### Exercise requirements
Write the data out in full and word for word. Do not include images.

### Dataset content
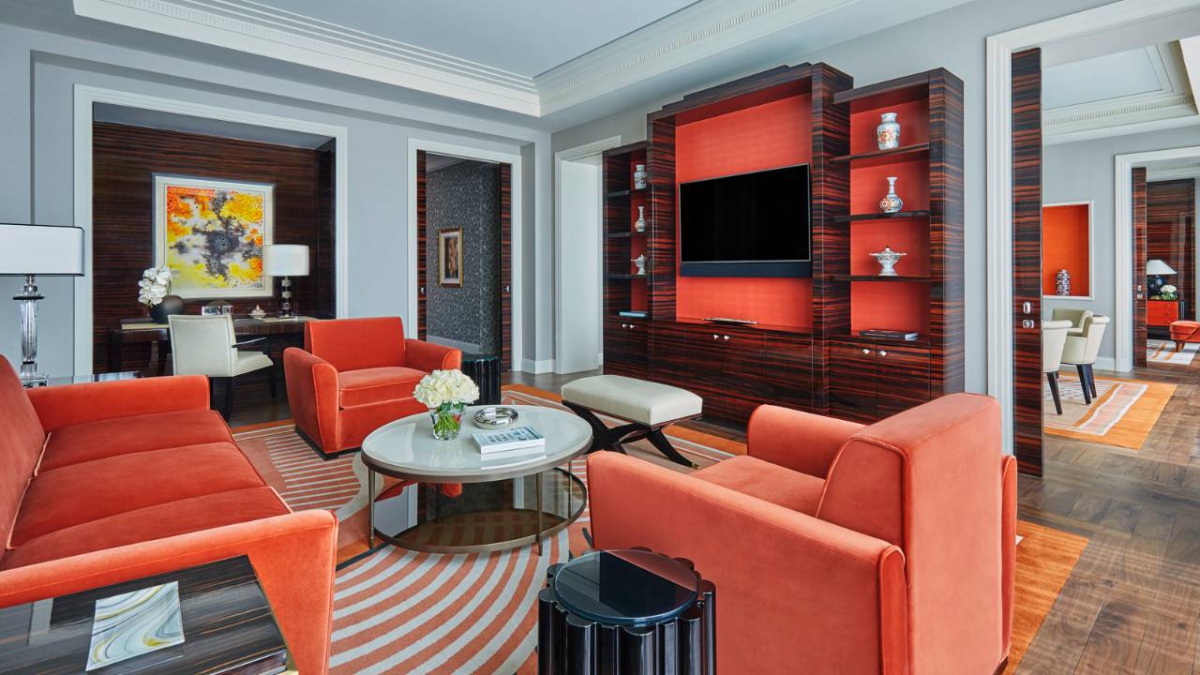 Чотири сезони Виконавчий Люкс: 80 кв.м. Номер складається з спальні з двоспальним ліжком king-size, мармуровою ванною кімнатою з ванною і душем, вітальнею, робочою зоною. Перська затока вид. Максимальне розміщення: 3 дорослих або 2 дорослих і 2 дітей.
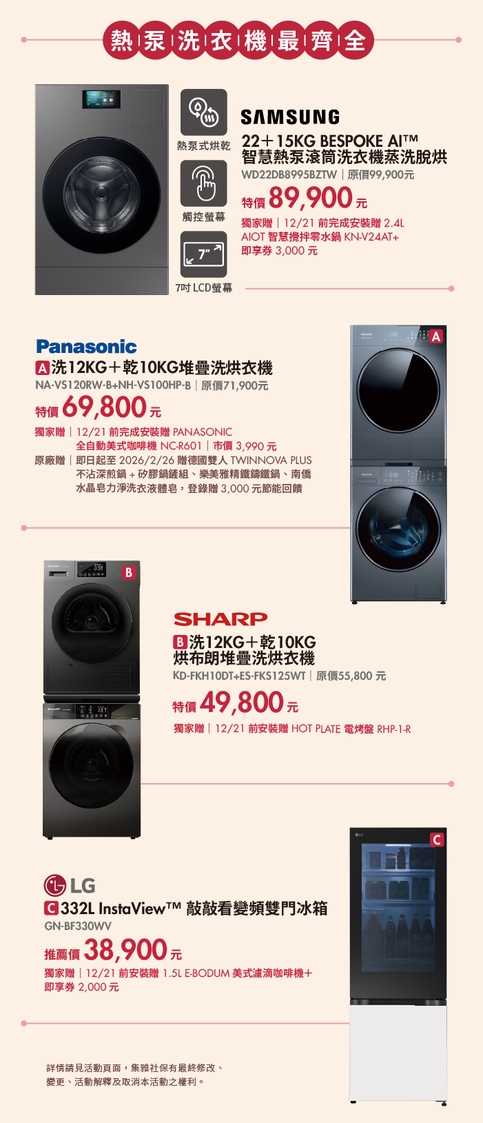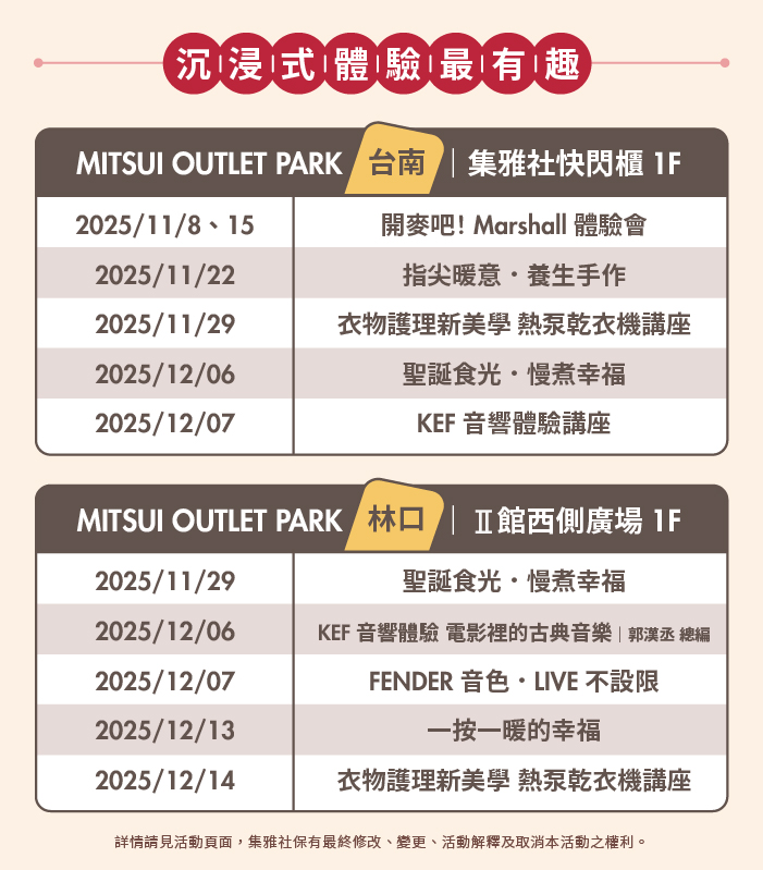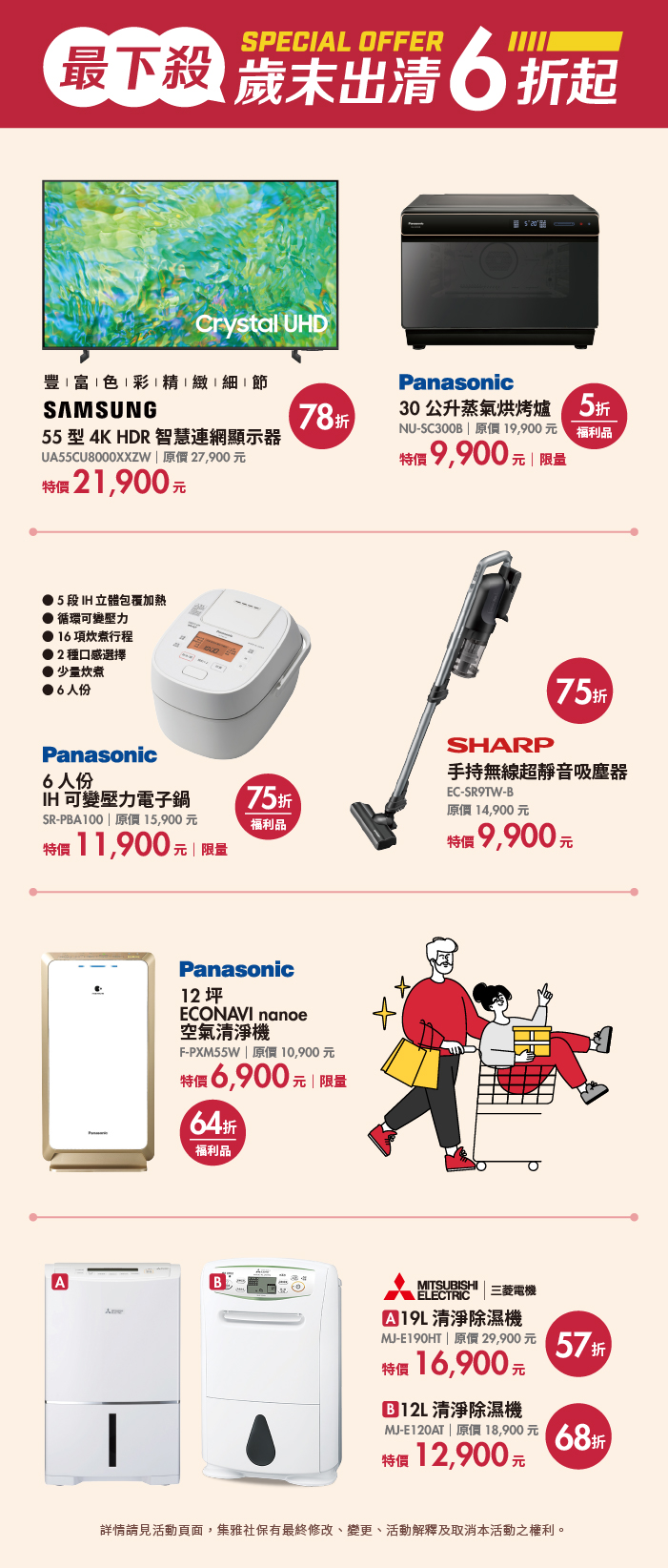 年終購物最強檔來了!集雅社於台南三井/林口三井Outlet舉辦「智選幸福時刻 出清家電6折起」,精選智慧家電、影音設備、小家電與熱泵洗衣機,限時優惠最低6折起。
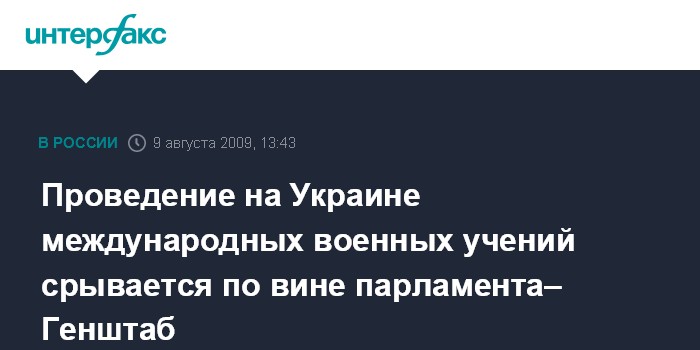 Киев. 9 августа. INTERFAX.RU - Проведение на территории Украины военных международных учений срывается, поскольку Верховная Рада так и не приняла законопроект о допуске иностранных военных на территорию страны, сообщили агентству "Интерфакс-Украина" в пресс-службе Генерального штаба в воскресенье.

### Task output
 Чотири сезони Виконавчий Люкс: 80 кв.м. Номер складається з спальні з двоспальним ліжком king-size, мармуровою ванною кімнатою з ванною і душем, вітальнею, робочою зоною. Перська затока вид. Максимальне розміщення: 3 дорослих або 2 дорослих і 2 дітей.
 年終購物最強檔來了!集雅社於台南三井/林口三井Outlet舉辦「智選幸福時刻 出清家電6折起」,精選智慧家電、影音設備、小家電與熱泵洗衣機,限時優惠最低6折起。
 Киев. 9 августа. INTERFAX.RU - Проведение на территории Украины военных международных учений срывается, поскольку Верховная Рада так и не приняла законопроект о допуске иностранных военных на территорию страны, сообщили агентству "Интерфакс-Украина" в пресс-службе Генерального штаба в воскресенье.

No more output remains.